Black Panther: This is the best overall movie in the MCU, but its themes of black identity and the meaning and use of violence can get out of the minds of everyone but adults. It’s still a great, well-timed film, and even if they overlook its deeper meaning, it works great as a blockbuster action movie.

Avengers: Age of Ultron: The idea of ​​teamwork winning over everything else resonates with this Marvel movie, but the massive violence and swiftness can be a little overwhelming for the little ones.

Iron Man 2 : I know you have to heighten the focus of any series with a second installment, so it makes sense that this movie dwells on Tony Stark’s alcoholism and personal flaws, but will the kids like it? Maybe if they are older.

Iron Man 3: Ditto, Part 3. In this part of the series, the violence is more personal, so young children can be upset. Plus, watching Tony Stark overcome a midlife identity crisis probably doesn’t figure high on many kids’ must-watch lists.

13 years and older

The Incredible Hulk : Children love the Hulk for the same reason he is a nuisance to their parents. The big green dude solves every problem by breaking it down. The Hulk is by nature very cruel, and a high-tech suit, magic shield or god’s hammer does not distract from violence. He’s just a big green guy smashing faces.

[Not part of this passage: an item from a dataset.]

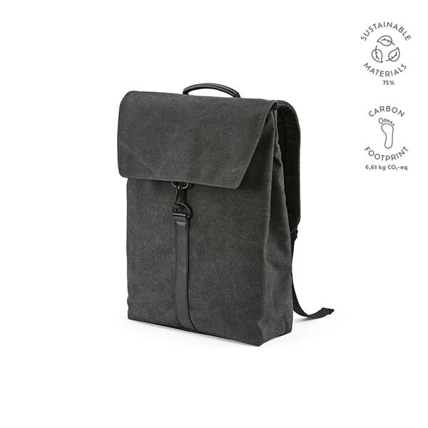 Dzięki eleganckiemu i funkcjonalnemu designowi, nasz 25-litrowy plecak starannie łączy bawełniane płótno z recyklingowanymi detalami PU. Mieści 17-calowy laptop, zabezpieczony metalowym zamkiem. Wyściełane plecy i wyściełane paski, górna część zamykana na zatrzask.

Captain America: The Winter Soldier: I understand that the upright superheroes from the old comics don’t play in our current fallen world, but getting Captain America to distrust the US government is a little tricky for little guys who just want a hero.

Captain America: Civil War: Fighting superheroes against other superheroes is also a bit tricky for a lot of kids, and there are a few personal and harrowing deaths in it.

Thor: The Dark World: The battles in this movie are huge and overwhelming, from catnip to older kids, but toddlers can be, well, overwhelmed, especially when combined with the fact that it’s not a great movie.